▸ **What you will do**:
Below is a listing. Return the lines from the one that contains "-인스턴스(instance): 스키마에 들어가는 값들(저장된 전체 데이터)" to the one that contains "After a quick", both ends included, verbatim and with no pictures.

▸ **Dataset entries**:
::::::::::

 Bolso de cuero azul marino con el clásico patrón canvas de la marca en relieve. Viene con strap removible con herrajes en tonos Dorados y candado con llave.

::::::::::

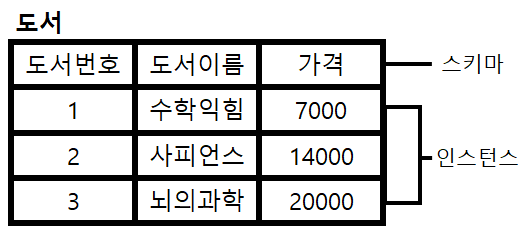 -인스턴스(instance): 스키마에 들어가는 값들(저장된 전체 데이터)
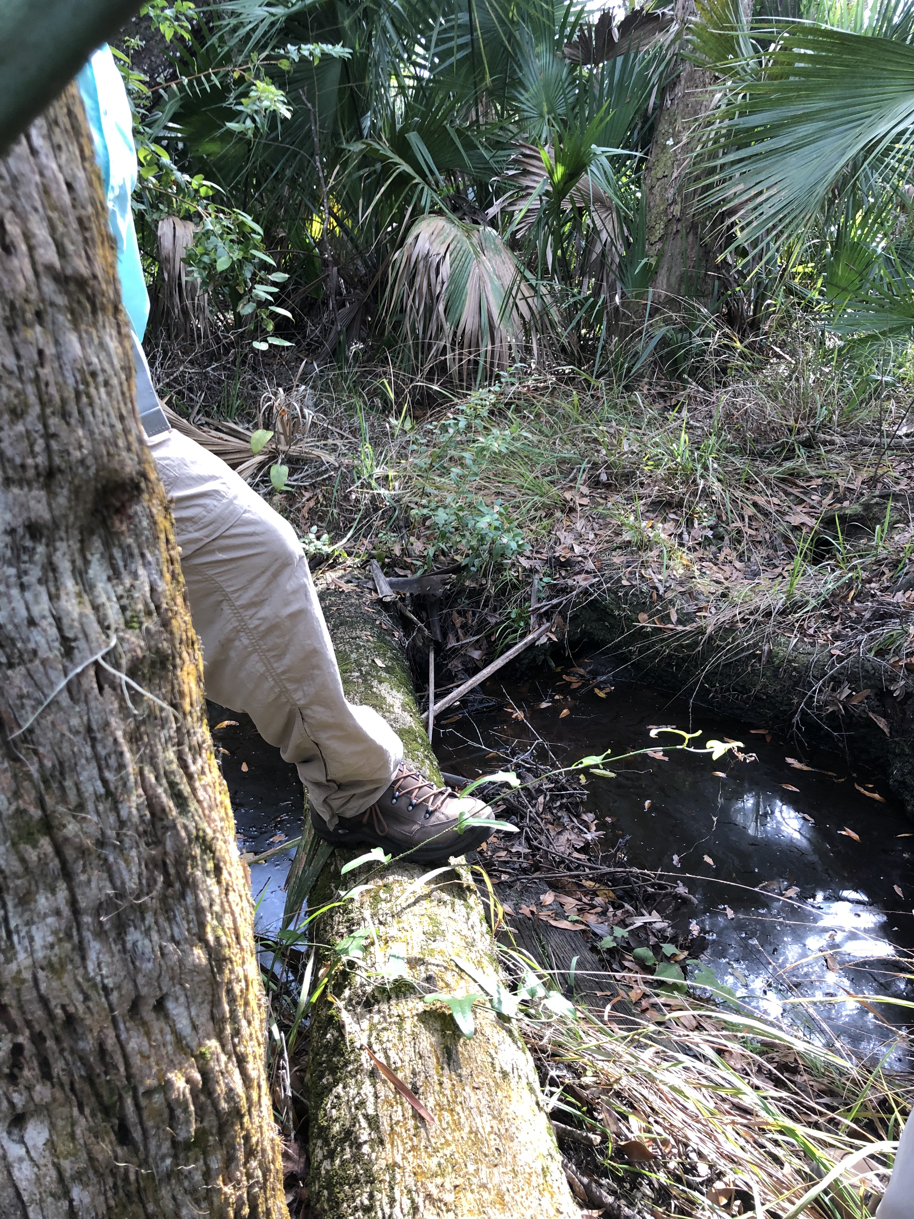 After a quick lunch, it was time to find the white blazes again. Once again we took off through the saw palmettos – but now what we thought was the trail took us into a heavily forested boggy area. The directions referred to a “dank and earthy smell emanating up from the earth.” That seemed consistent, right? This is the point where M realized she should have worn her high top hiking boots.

::::::::::

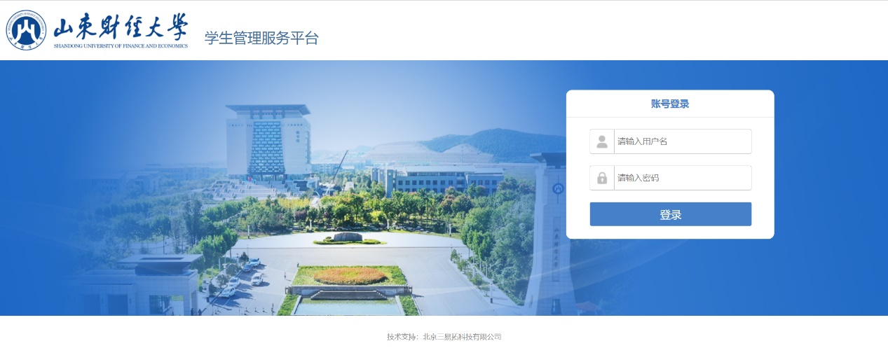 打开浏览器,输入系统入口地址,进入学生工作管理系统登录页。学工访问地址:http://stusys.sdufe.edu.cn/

::::::::::

▸ **Result for this exercise**:
 -인스턴스(instance): 스키마에 들어가는 값들(저장된 전체 데이터)
 After a quick lunch, it was time to find the white blazes again. Once again we took off through the saw palmettos – but now what we thought was the trail took us into a heavily forested boggy area. The directions referred to a “dank and earthy smell emanating up from the earth.” That seemed consistent, right? This is the point where M realized she should have worn her high top hiking boots.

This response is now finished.